More than 2.4 million Moroccans engage in ‘black practices’ (or work in the informal economy), more than half of them work in informal trade, 24.5 percent are in the service sector, and 16.1 percent are employed in the industrial sector. The government finds it difficult to integrate these workers into the formal economy. Since it is incapable of solving the problem, the government simply ignores the presence of these workers. It relies on the unregulated economy, in an implicit way, to relieve it of the burdens of making new job opportunities available, developing services and creating a comprehensive and transparent economy.
The unregulated economy in Morocco was never coincidental. It emerged from the midst of many crises. By the end of the 1970s and in the beginning of the 1980s, the economy, which depended heavily on agriculture, began its fast spiraling descent after the years of drought. The parallel economy began to formulate from that moment on.
The “stubborn” sky gravely harmed the villages’ farming and agricultural products. For every one year of rain, there would be 3 years of drought, and the farmers prayed for a rain that did not come. The dry brown earth was the only thing that remained, desolate and waiting to be salvaged and revived. Many farmers were consequently forced to sell their land and therefore decided to pack their bags and head to the city in search of income and sustenance.
Migration to the cities increased the urbanization rate by over 50 percent during the 1990s. The villagers’ migration was motivated by the drought, poverty and the marginalization of the peripheral areas. They left behind their land and everything that was important to them. The question was how they would survive in Casablanca, Rabat, Marrakech, Tangier, Agadir, Fez or Oujda, the cities of attraction that had witnessed the constant influx of rural migrants until the third millennium. The migrant villagers, like Ba Amahmed, usually choose to work in manual labor or seasonal jobs as construction workers, washers, street salesmen. etc. The work they do is most likely unregulated and classified outside the formal economy.
A Distorted Morphology
This system produces structurally distorted cities. All major cities are witnessing the emergence of slums, “backyards” or “black margins”. For example, most economic activities, including “shadow activities” of trade, import and export, and other illicit transactions, are concentrated in Casablanca. Hence, the city demographically explodes year after year as it continues to attract expatriate villagers fleeing the geographies of poverty and marginalization.

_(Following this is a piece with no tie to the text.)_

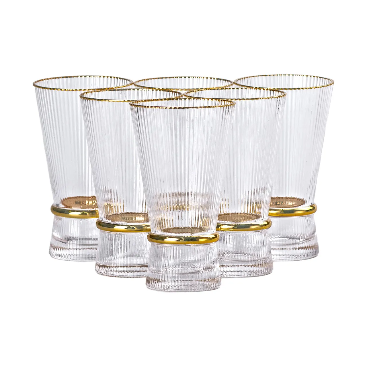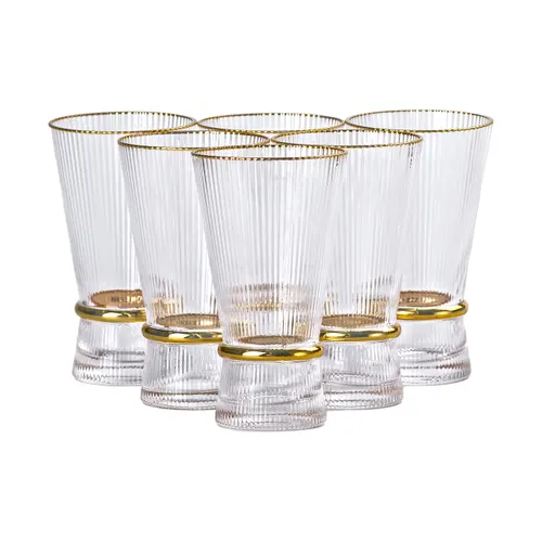 В первую очередь, этот набор из стаканов отличается стильным дизайном с золотым ободком, что выгодно выделяет их среди стандартной посуды. Такой декор отлично впишется в любую сервировку, будь то повседневный ужин или торжественное мероприятие.

Ba Amahmed, like many other who share his circumstances, is forced to settle in the outskirts of Casablanca in the shantytown and to live a “tin-box” house in neighborhoods not far from the center, such as the “Carrière centrale” (Kariane) or the “Mohammedi Quarter”, or in far ends of the outskirts in “Sidi Moumen". As the Moroccans often say, the city is trying to get rid of its “snot”! However, those attempts fail as the many manifestations of the shadow economy still produce slums and shantytowns that poorly frame the contradicting city center’s skyscrapers!
Peddlers make the most of the quiet nighttime which allows them to avoid the authorities while they build simple cabin shops of four walls and a zinc roof. They try to catch up with the common lifestyles they witness around them, so they install giant satellite dishes on top of their metallic roofs. This is their way of trying to improve their social conditions and escape their gloomy reality. In their narrow alleys, basic services like transportation, sanitation and potable water are nonexistent. The state’s go-to response to the inhabitants’ objections is "you do not pay taxes, this is how you deserve to live". Nevertheless, the residents still try to seek alternatives to governmental services in their ongoing struggle for survival. The solidarity among them, in varying degrees, keeps them going. For example, if one needed electricity, a neighbor would offer to share a cable and split the expenses of the electricity bill, and the same happens with water or transportation.
People who partake in the parallel economy and its activities, like “Ba Amahmed”, contribute to the “ruralization” of cities. Most of the migrants do not have an elementary school education (according to a study by the Planning Commission, more than a third of them are illiterate, 33.6 percent did not go beyond primary education, 28.4 percent had a middle school education, while only 3.3 percent had access to higher education). They still adhere to the traditional lifestyle of the village, such as practicing poultry farming and herding small flocks of sheep and sometimes they rely on donkey-driven carts as a means of transportation or for shopping.
A Reservoir of Election Votes
Some street vendors cheer for their candidate in the slum’s streets “Who did we gather for?... Our only candidate X!", and so the election season begins! Every five or six years, life improves a little for those who live in the slums, but the improvement is only temporary as donations, gifts and blue paper notes are distributed to the women and men. Election season also brings promises, rosy dreams and projects about employment and a promised special market for street vendors where they could enhance their financial situation and living conditions. Representatives of the authority usually try to polarize the people in favor of one of the candidates. They address the citizens as “the protectors of democracy” who have the serious responsibility to participate in the democratic process. The people are thus politically exploited in the elections, not as citizens, but as numbers in the ballot box that may change the course of the political game.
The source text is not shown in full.